Fortify, a Boston-based composite 3D printer manufacturer, has partnered with engineering materials developer Rogers Corporation to advance the 3D printing of radio frequency (RF) electronics.
Together, the partners will work to offer customers low-loss, high-frequency dielectric materials compatible with Fortify’s Continuous Kinetic Mixing (CKM) 3D printing technology. The partnership will see users able to 3D print custom precision substrates, Luneburg-like Gradient Refractive Index lenses, and end-use components for wireless devices.
“As our world becomes increasingly connected, so does the need for faster and higher capacity wireless connections,” explains Trevor Polidore, New Product Development Group Leader at Rogers Corporation. “Partnering with Fortify will allow Rogers to deliver a complete solution for the manufacturing of 3D printed dielectric components, enabling our customers to create the next generation of wireless systems.”
3D printing our wireless world
Today’s consumer devices are increasingly making use of active antenna systems (AAS) for communications. The technology has the ability to send out highly directive signals that can be modified electronically, while also forming a wide variety of beam patterns. These benefits are what make AAS suitable for the most-cutting edge communication applications such as 5G and high-throughput satellites, which were previously impossible using conventional antennas.
Unfortunately, AAS devices are still relatively expensive and difficult to manufacture, with inevitable performance tradeoffs when scaled down to consumer sizes. Fortify and Rogers claim it is possible to rise to these challenges with the use of 3D printing and dielectric materials, but these materials have historically been difficult to process with end-use quality and repeatability.
“The photopolymers available today are an order of magnitude more lossy than thermoplastics, yet 3D printing complex parts at scale out of thermoplastics is time consuming,” adds Phil Lambert, Sr.
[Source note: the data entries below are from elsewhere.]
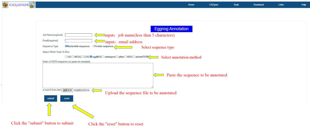 The first step is to input the job name (less than 5 characters) and email address. The second step is to select the sequence type(Nucleotide sequence OR Protein sequence) and annotation method. The third step is to upload the FASTA file of the annotation sequence. The fourth step is to submit.
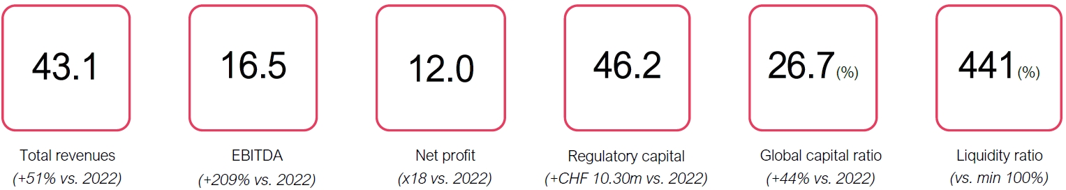 - A global capital ratio of 26.7% (vs 18.5% end-2022), reflecting a 29% increase in regulatory capital to CHF 46.2 million at end-2023 (vs. a minimum requirement of CHF 30 million).
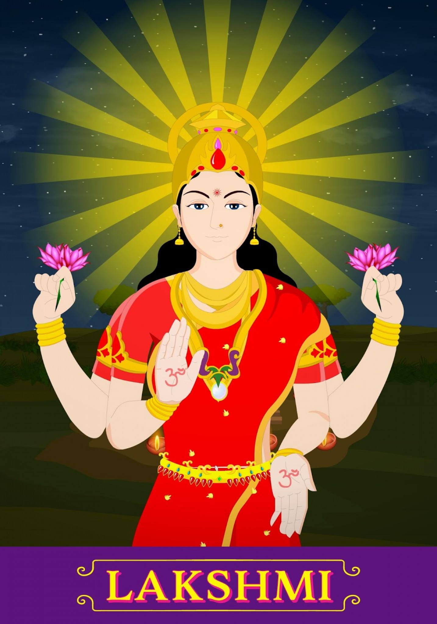 Lakshmi is the goddess of wealth and prosperity, both material and spiritual whose story is told in the India's greatest epic among all gods and is here as a full HD animated Lakshmi is depicted as a beautiful woman of golden complexion, with four hands, sitting or standing on a full-bloomed lotus and holding a lotus bud, which stands for beauty, purity and fertility.
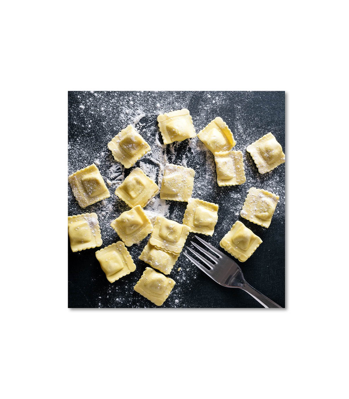 El cuadro ravioli y harina muestra una composición culinaria muy apetecible: pequeños ravioli de pasta fresca, ligeramente enharinados, distribuidos sobre una superficie oscura junto a un tenedor metálico. El contraste entre el negro de la piedra y el amarillo de la pasta genera una imagen limpia, moderna y muy gastronómica que encaja en espacios domésticos y profesionales.
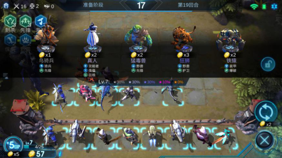12.花费5金币为指挥官增加经验,指挥官等级提升可以增加上场的棋子数。最多可升10级,在战场上放置10枚棋子。
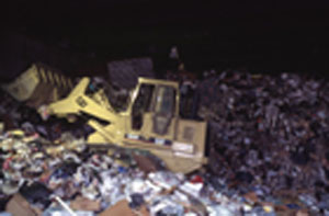 4. Sorting and compacting trash by bulldozer in the tipping bay (which extends for 30 more feet underground). Note that the bay is full of trash and overflowing.
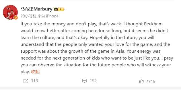 微博截圖 馬布里在微博以英文發文說,“如果你收了錢卻不出場,那就太瘋狂了。我原以為貝克漢姆來(中國)這麼久了應該更懂,但他似乎沒學到這裡的文化,這沒關係。希望在未來你會明白,人們只想看到你對比賽的熱愛,支持是為了這項運動在亞洲的發展。那些想像你一樣的孩子,他們需要你的能量。我希望你知道,人們想要看你踢球”。英格蘭足球名宿貝克漢姆是邁阿密國際俱樂部主席。 8日中午,馬布里又轉發中國球迷微博,並用英文表達了他對在北京隊籃球生涯的熱愛,“北京是我的家,永遠不會改變”。 7日晚,邁阿密國際與神戶勝利船隊在日本東京進行了一場表演賽,梅西替補登場。而4日晚與中國香港明星隊的比賽,也成了邁阿密國際此行6場表演賽中,梅西唯一避戰的比賽。 馬布里1977年生於紐約,司職控球後衛,效力NBA時期綽號“獨狼”,曾2次入選NBA全明星陣容。馬布里已在中國生活多年,曾幫助北京北汽男籃(原北京首鋼男籃)在CBA賽場取得“四年三冠”偉業。對中國感情深厚的馬布里是首位獲得中國“綠卡”的CBA外援,並成為北京市榮譽市民。他去年11月還向香港人才服務辦公室遞交了“高端人才通行證計劃”的申請。(完) 【編輯:凌玉辉】

Applications Engineer at Fortify. “With the right low-loss material systems from Rogers combined with Fortify’s printers, we can offer a solution that provides excellent feature resolution, great RF properties, and high throughput capabilities for end-use parts.”
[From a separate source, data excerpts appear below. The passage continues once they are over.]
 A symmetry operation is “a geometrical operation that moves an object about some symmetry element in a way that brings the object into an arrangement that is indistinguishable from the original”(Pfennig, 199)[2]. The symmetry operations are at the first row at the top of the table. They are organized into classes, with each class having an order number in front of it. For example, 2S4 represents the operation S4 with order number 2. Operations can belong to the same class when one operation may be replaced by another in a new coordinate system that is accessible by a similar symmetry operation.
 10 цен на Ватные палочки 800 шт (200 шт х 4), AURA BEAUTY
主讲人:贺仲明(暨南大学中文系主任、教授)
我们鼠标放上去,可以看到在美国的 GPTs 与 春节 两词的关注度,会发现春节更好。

Continuous Kinetic Mixing with Fortify
Fortify’s CKM technology is a form of composite DLP 3D printing. The process works by uniformly distributing functional additives in photopolymer resins, resulting in filled and fiber-reinforced parts. The high-throughput technology is able to achieve fine features using heavily-loaded, viscous resins, which traditional DLP platforms are known to struggle with. Featured in all of Fortify’s Flux Series 3D printers, CKM will enable customers to print with the partners’ upcoming low-loss dielectric materials.
“With Rogers, we are positioned to commercialize the first scalable, low-loss 3D printed RF dielectric materials,” adds Josh Martin, CEO and Co-founder of Fortify. “This partnership is a great example of how innovative materials and technology companies can come together and provide a differentiated value proposition to a rapidly growing market.”
According to the partners, users will be provided with a scalable method of manufacturing RF components made of continuously varying dielectric materials. This will give rise to lightweight, geometrically-complex, wide bandwidth devices for applications in 5G, surveillance, remote sensing, and security.
As well as functional upgrades, additive manufacturing with composite materials allows for a whole host of mechanical improvements to parts. Continuous Composites, a developer of composite 3D printing technology, recently partnered with the US Department of Defense (DoD) to 3D print multifunctional composite wing structures for low-cost unmanned aircraft. The structures are set to combine light weight with high strength, while also offering cost-effectiveness.
Elsewhere, 3D printer manufacturer Impossible Objects recently entered a joint development agreement with Owens Corning, a provider of industrial building materials, to develop specialized composite materials for 3D printing. Set to be used with Impossible Objects’ composite-based additive manufacturing (CBAM) process, the fiberglass composites will enable parts with high strength-to-weight ratios and excellent chemical resistances.